El cine turco empieza a encontrar reconocimiento internacional a partir de 1950. Antes la cantidad y calidad de las películas era muy escasa, y la censura rígida y frecuente. Después de la Segunda Guerra Mundial Turquía se convirtió en uno de los mayores productores del mundo hasta 1970. Con la crisis y la llegada de la televisión a los hogares de Estambul y otras ciudades del país con mucha población, el auge del cine turco descendió a casi una cuarta parte del que gozaba en los sesenta. La cantidad de películas y salas también disminuyó. Finalizando el siglo las caídas se revirtieron, aumentaron de nuevo los números de salas, producciones y ganancias de taquilla, así como la atención internacional de esta cinematografía en festivales. Ayuda el que muchas de las distribuidoras de estas películas laureadas sean norteamericanas, como la Warner Brothers. El director Nuri Bilge Ceylan, nacido en Estambul, ha sido uno de los directores más aclamados y apoyados por la industria estadounidense y europea. Sus cintas Tres monos (2008), Lejano (2002) y Érase una vez en Anatolia (2011) han ganado muchos premios de prestigio. Su estilo, calmo y analítico, observador, casi voyeurista, deviene cine autoral intelectual, exposiciones de comportamientos humanos vistos desde aquel que los ha reflexionado, rumiado por un largo tiempo. Describe un sentido de vida sin que parezca se está contando algo. No es casualidad que su cine favorito sea el de Tarkovsky, Ozu o Bresson. Tampoco el que utilice referencias como los cuentos de Chéjov para la escritura de sus guiones.
Muchos cineastas intentan sin éxito hacer que sus personajes lleven una conversación profunda y filosófica sin acercarse a lo literario y al teatro. Otros, como Ingmar Bergman, Andréi Tarkovsky o Carl Dyer, discuten sobre el alma humana y la idea de Dios como parte verosímil y funcional de las necesidades del guion. Ceylan es otro que lo logra. Pues ver personajes discutir asuntos de densidades semejantes en pantalla, por lo general, lejos de interesar al espectador, lo alejan. Las abstracciones de las que se habla deben complementar aquellas que se hacen imagen, de otra manera se perturba lo cinematográfico, pues se estaría dejando pasar a la palabra antes que a la imagen.

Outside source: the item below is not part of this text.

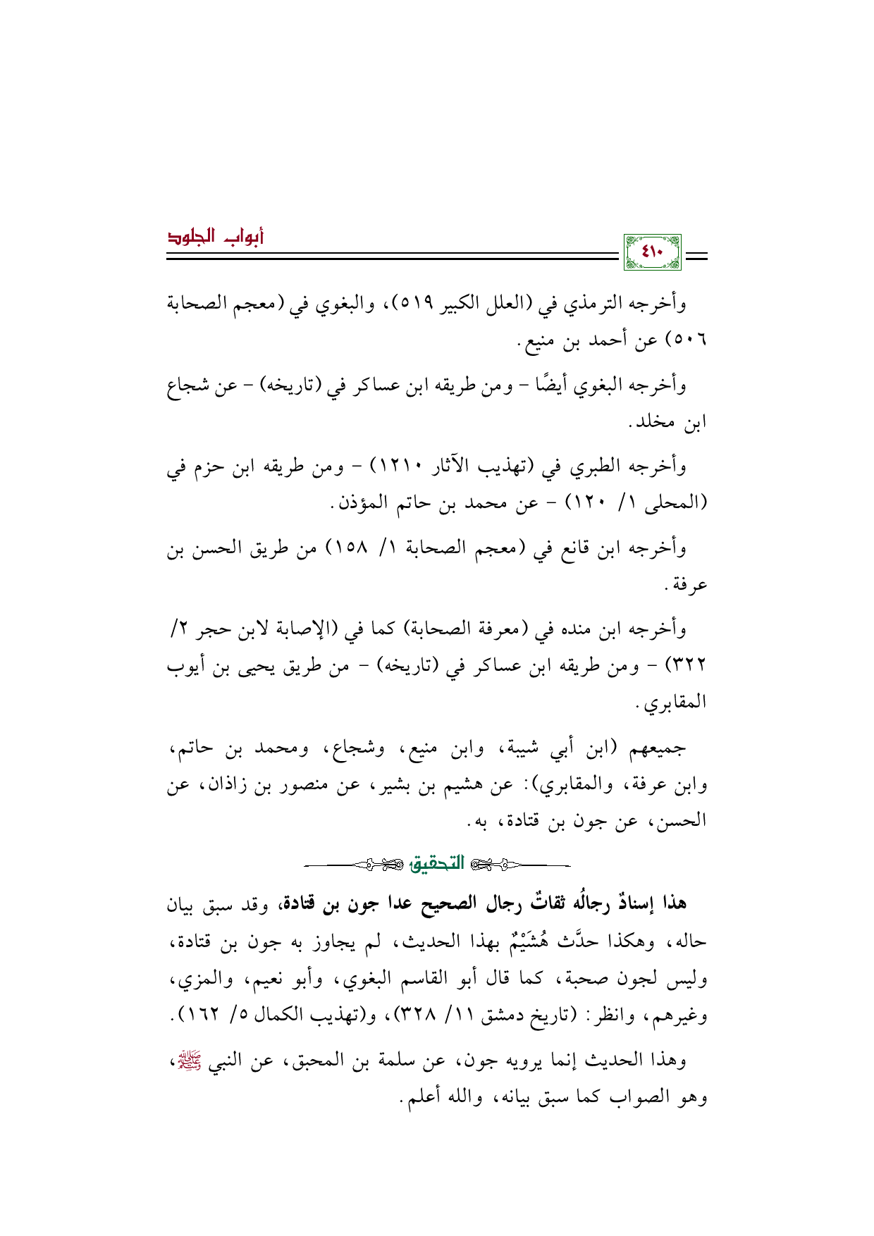 وأخرجه الترمذي في (العلل الكبير ٥١٩)، والبغوي في (معجم الصحابة ٥٠٦) عن أحمد بن منيع.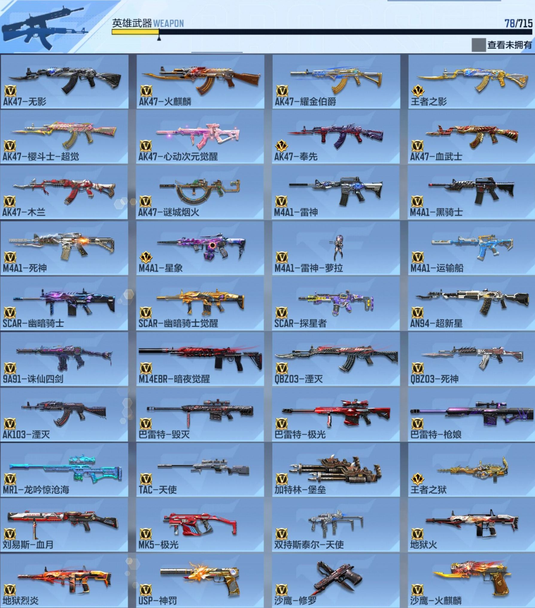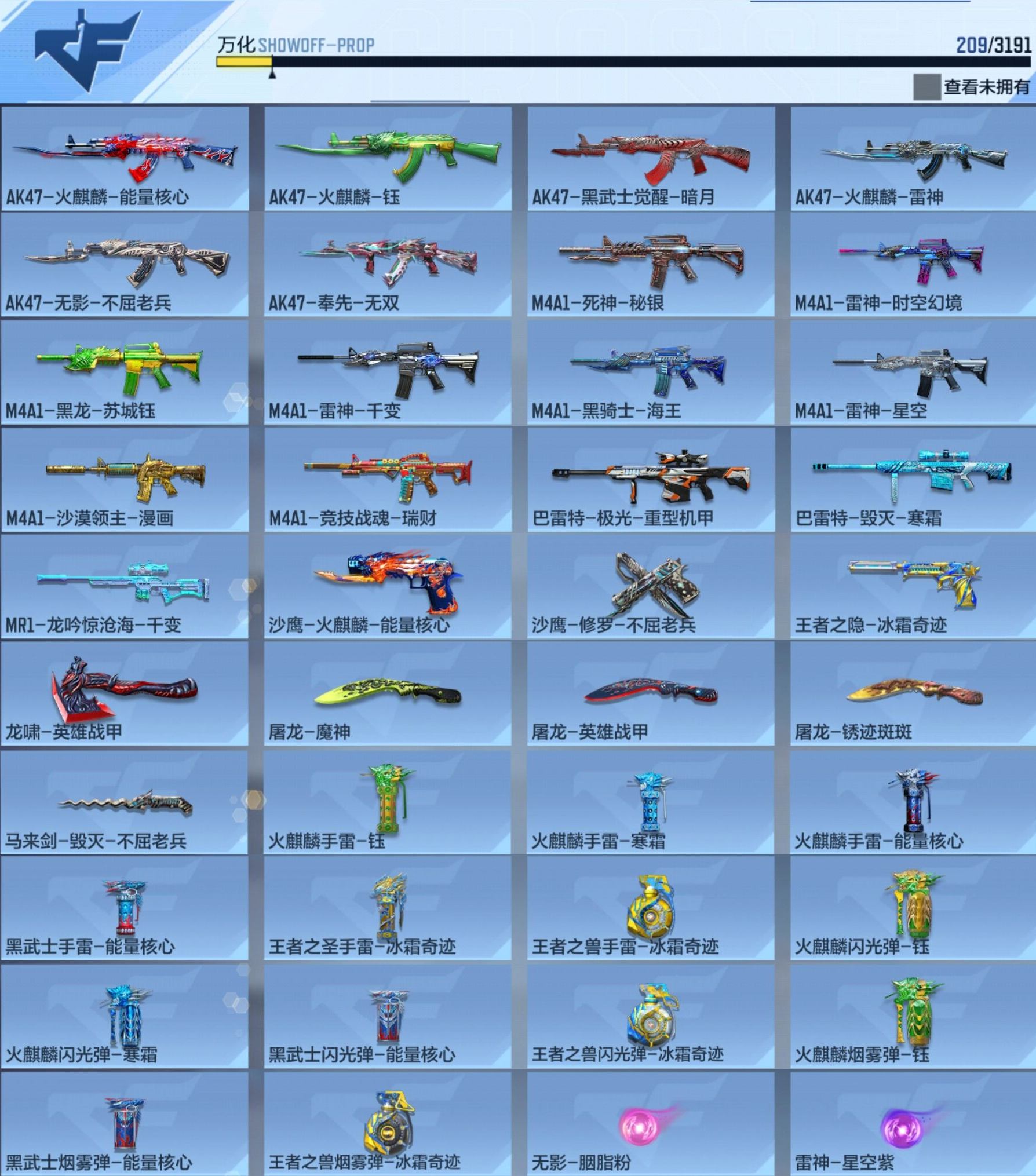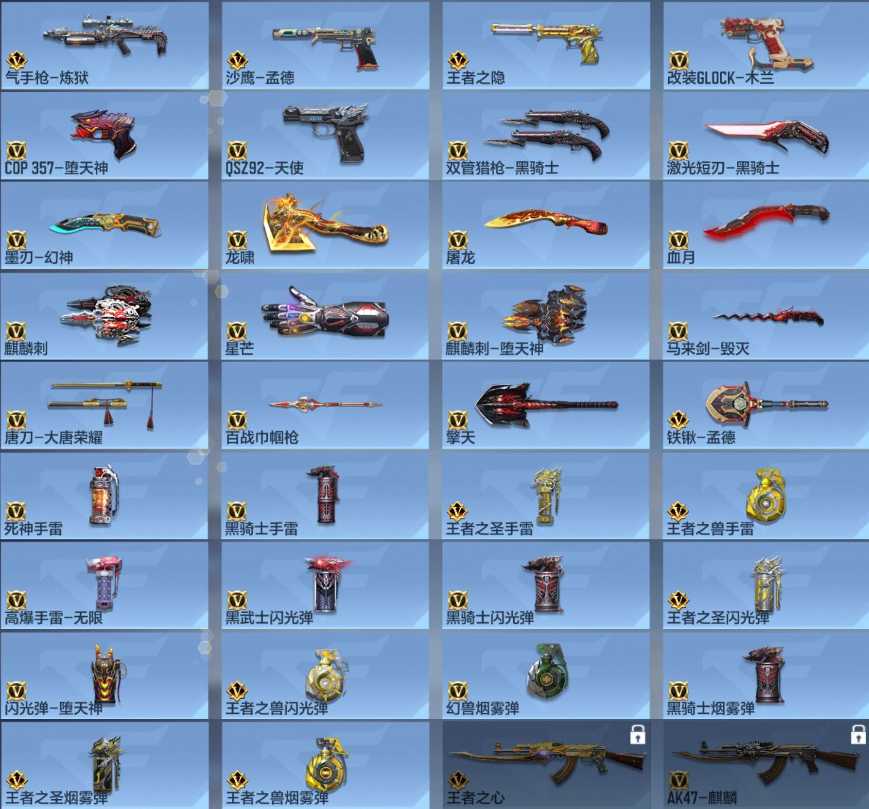 【66185】[14068944]x462 VIP7,王者武器9,英雄级武器78,万化209,角色21 【王者武器】:王者之影/王者之狱/王者之隐/王者之圣手雷/王者之兽手雷/王者之兽闪光弹/王者之圣闪光弹/王者之兽烟雾弹/王者之圣烟雾弹 ;【热门皮肤】:M4A1-死神-秘银/火麒麟闪光弹-寒霜/屠龙-英雄战甲/AK47-火麒麟-雷神/AK47-黑武士觉醒-暗月/M4A1-沙漠领主-漫画/黑武士

En Sueño de invierno (Ceylan, 2014) el protagonista discute de religión y teatro con su hermana y otros personajes, en conversaciones que suceden en un solo ambiente en interiores: un despacho de estudio. Es evidente que Aydin es un intelectual de prestigio convencido de que tiene lecciones que darle a quienes lo rodean. Y la palabra (es actor de teatro) es su herramienta. Sin embargo, lo que sucede entre las palabras parece ser mucho más importante. Como si la serie de acontecimientos banales y anecdóticos, sin su profundidad reflexiva, fuesen a sobrepasarlo. La ausencia de satisfacción consigo mismo tuerce el espíritu intelectual y artístico de Aydin hacia el odio y la soberbia. Primero la conjunción de imágenes, y después las palabras que ocupan buena parte de la trama, son lo que le da estructura y discurso a Sueño de invierno. Ceylan logra la complejidad del personaje de Aydin a la perfección: un día sentimos empatía por él, otro su severidad y soberbia nos alejan. Sueño de invierno es pausada, contemplativa, intrigante, brillante, dolorosa y hermosa. Y los diálogos no son sentencias trascendentales: Ceylan sabe que ese tipo de palabras no son las que hacen falta en el cine.